MATERIAL PROVIDED:
§ §

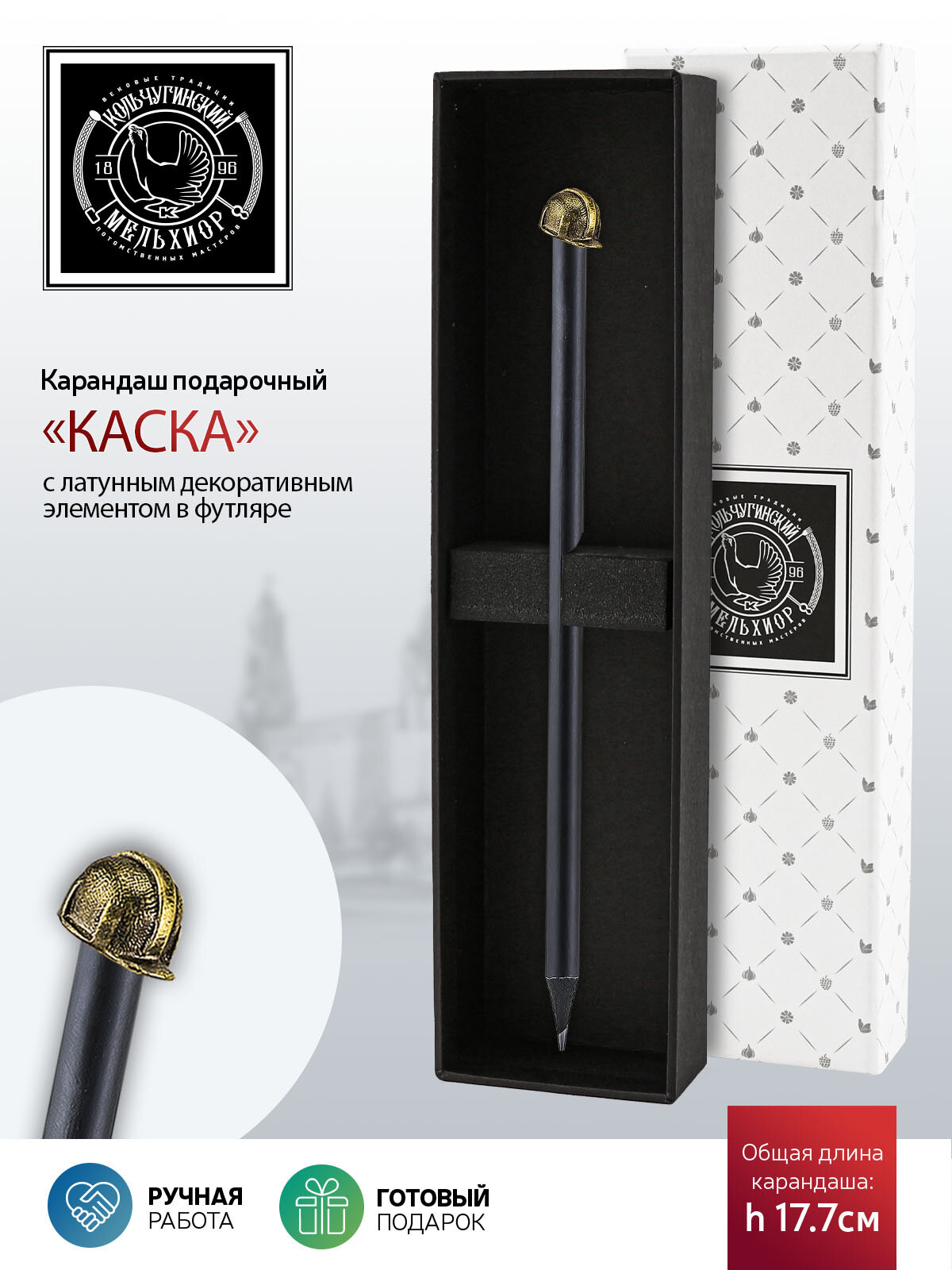 Карандаш чернографитный "Индустриальный Каска" латунный с чернением в футляре интересное:
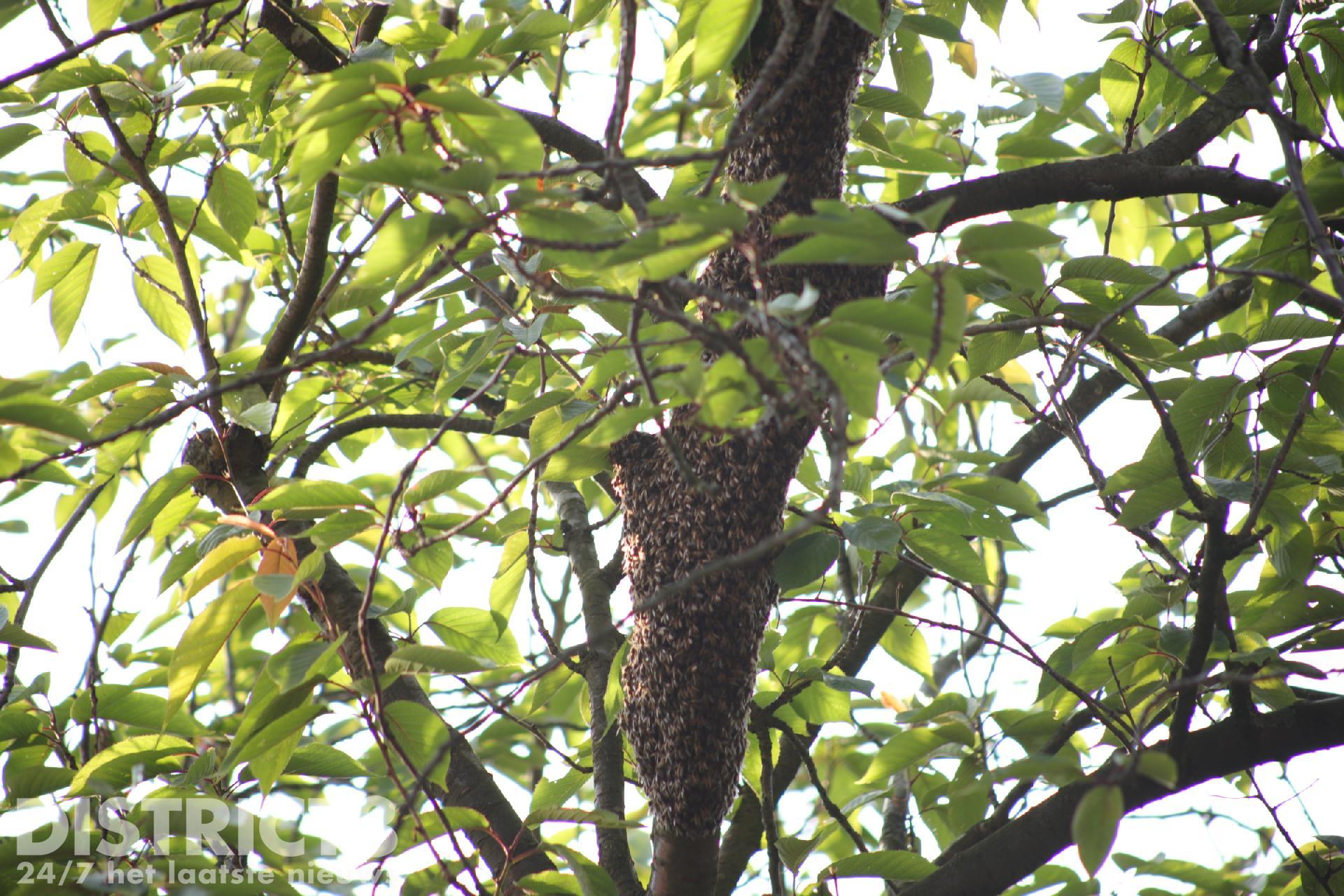 De afgelopen jaren hebben ze er vaker last van gehad: Een bijennest in een boom die in de voortuin staat. Vandaag was het zover om ze er weer uit te halen.
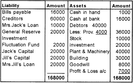 The following is the Balance Sheet of Jack and Jill as on 31 st December 2007. (Score 4) (June 2012)
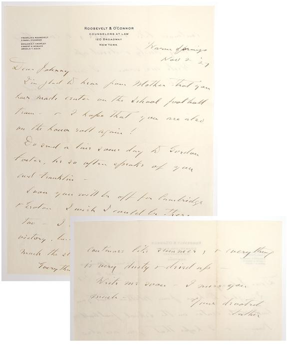 Scarce FDR ALS to His Youngest Son. Autograph letter signed ("Your devoted Father"), on "Roosevelt & O'Connor / Counselors At Law" letterhead, 1½ pp, 11x8½", Warm Springs (Ga.), November 2, 1927. Written to FDR's youngest son, John Aspinwall (1916-81), who was eleven years old: "I'm glad to hear from Mother that you have made center on the school football team - & I hope that you are also on the honor roll again! Do send a line some day to Gordon Foster, he so often speaks of you and Franklin. Soon you will be off for Cambridge & Groton. I wish I could be there too. I hope you will see a Harvard victory, but so far Yale seems to have much the stronger team. Everything goes well here & the weather continues like summer, & everything is very dusty & dried up. Write me soon. I miss you much. Your devoted Father." Fine condition.

§ §

No picture is to be included when the lines from the one containing "The following is" through the end of the material above are output exactly; nothing else is written.

 The following is the Balance Sheet of Jack and Jill as on 31 st December 2007. (Score 4) (June 2012)
 Scarce FDR ALS to His Youngest Son. Autograph letter signed ("Your devoted Father"), on "Roosevelt & O'Connor / Counselors At Law" letterhead, 1½ pp, 11x8½", Warm Springs (Ga.), November 2, 1927. Written to FDR's youngest son, John Aspinwall (1916-81), who was eleven years old: "I'm glad to hear from Mother that you have made center on the school football team - & I hope that you are also on the honor roll again! Do send a line some day to Gordon Foster, he so often speaks of you and Franklin. Soon you will be off for Cambridge & Groton. I wish I could be there too. I hope you will see a Harvard victory, but so far Yale seems to have much the stronger team. Everything goes well here & the weather continues like summer, & everything is very dusty & dried up. Write me soon. I miss you much. Your devoted Father." Fine condition.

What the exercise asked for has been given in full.